Тихонький всхлип — все, на что меня хватает, после такого откровения. Тихонький всхлип и безмолвные слезы.
Они, похоже, устраивают Эдварда больше, чем все остальное.
Смерив меня негодующим взглядом, он отстраняется.
— Завтра утром я отвезу тебя в убежище, Изабелла. Это не обсуждается.
* * *
В моей комнате бордовые стены. Темно-бордовые, как венозная кровь. И два окна — слева и справа — задернутые длинными занавесками из какой-то грубой ткани. На полу, кое-где прикрывая голые доски, лежат ковры. От старости и пыли рисунки на них уже не разобрать.

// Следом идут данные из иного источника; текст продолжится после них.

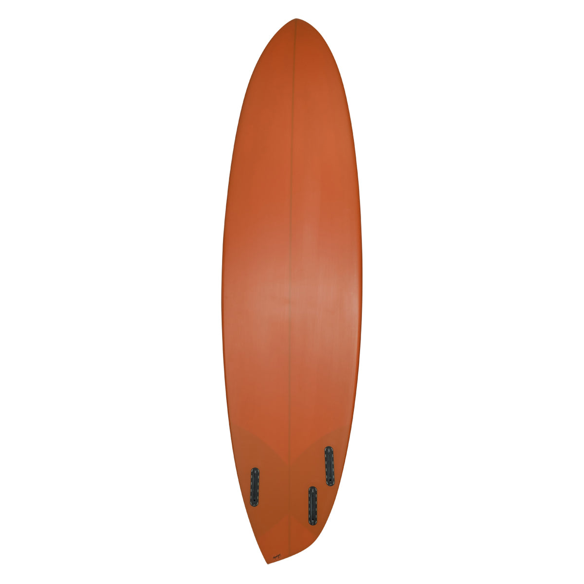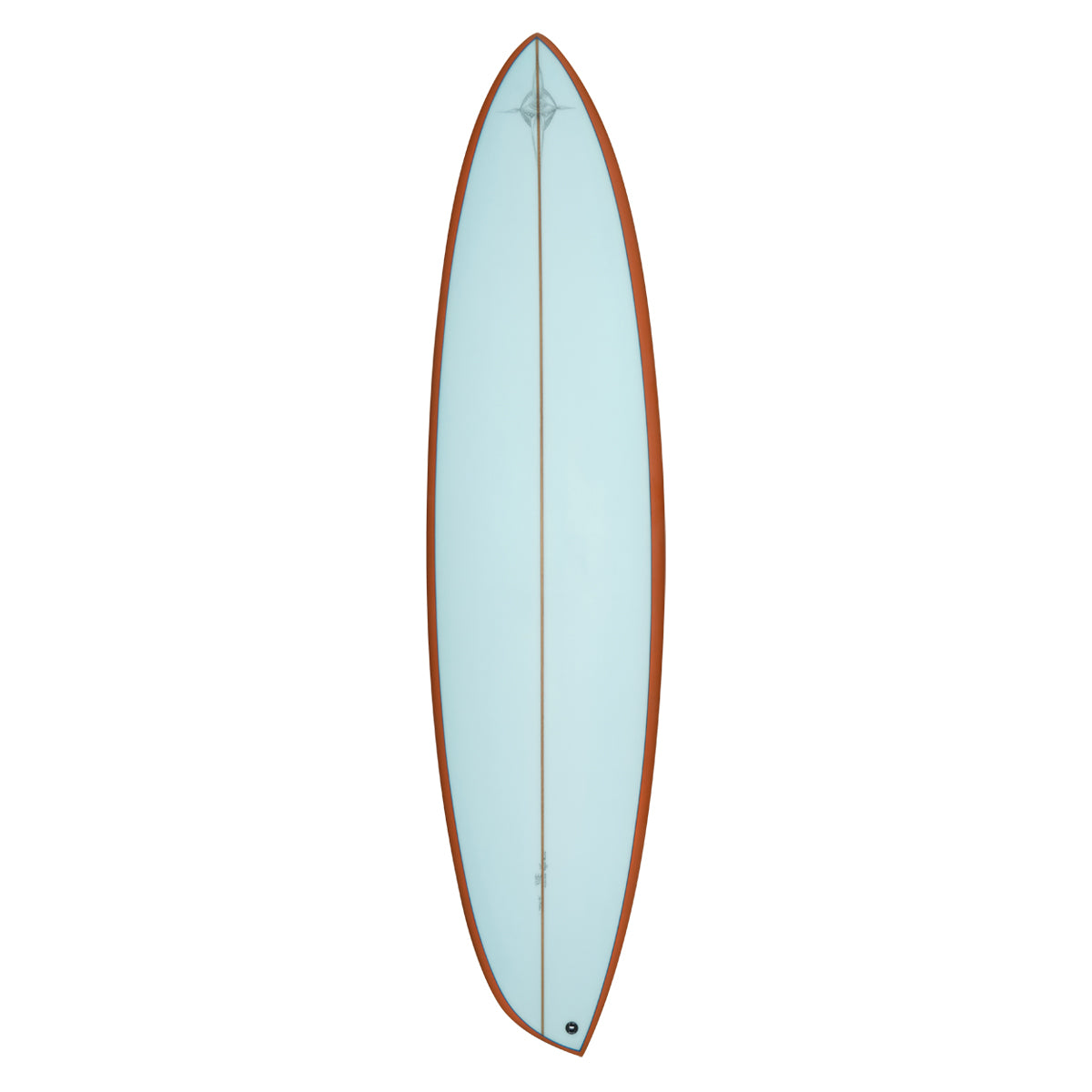The beluga is a spin off the reggae shark template with a high contrast bottom shape. It has a pronounced rolled entry that transitions mid board into a scooped out single concave which makes the front of the board smooth and nimble while still getting the fast planing responsive feel from the tail. The way the two bottom contours blend together is where the magic lies in the beluga, drawing curve between the feet in the rail rocker and making it turn on a dime despite size and thickness. Originally made for larger surf as a lazy board loaded with paddle power I was blown away by how fun it surfed in small pockety beach breaks and average surf. A sort of out there 2’-10’ ride-all machine. 0riginal dims are 6’9”x 20” x 3 3/8” and is made with the 1+2, twin toe, heel quad, fin set up.

Моя комната — самая большая во всем доме. А сам дом небольшой — три спальни, гостиная и кухня. В тот день, когда привез меня, Эдвард не особо церемонился с хозяевами. К виску мужчины с седыми усами он приставил пистолет, а женщина, как по сигналу, сразу же провела меня к комнате.
Я хотела ужаснуться — не смогла. Смерть Нури на многое открыла мне глаза и доказала лишний чертов раз: жесткость повсюду. Оттого, что сегодня её нет здесь, не значит, что не будет и завтра. Глупо противиться. Глупо противиться даже если эта жестокость выливается на тебя.

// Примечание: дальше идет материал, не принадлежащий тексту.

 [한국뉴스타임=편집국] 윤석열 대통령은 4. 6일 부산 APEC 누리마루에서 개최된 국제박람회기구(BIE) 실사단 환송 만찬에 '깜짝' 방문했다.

И все же, я не буду отрицать, что порой, прорыдав ночь в подушку, думаю, что все устроилось как надо. Ее мучения кончились. Ей не больно, не страшно, она не видит взрывов и смертей, она не должна прятаться по подземельям… Ангелочек должен быть среди ангелов. Ей повезло… наверное, повезло.
Вообще, по договоренности с Калленом, мне запрещено покидать комнату и спускаться по лестнице к хозяевам. Но с Баче — тем самым господином, который ради своей семьи вынужден был принять меня в дом — у нас особая договоренность. Я не обуза. Я не содержанка — он не обязан просто так меня кормить и защищать, как свою дочь. Каждое утро я спускаюсь к Ниле, его жене (разумеется, после того, как это стало физически возможным — больше трех недель ей самой предстояло подниматься ко мне и выхаживать) и помогаю с приготовлением пищи (благо, Афият многому меня научила). В обед, сразу после молитвы, которую мулла кричит с близлежащего минарета, я мою полы. Сначала внизу, потом наверху. У Нилы слишком болит спина для такой уборки, а их дочь вот уже как семь лет не в состоянии подняться с инвалидного кресла.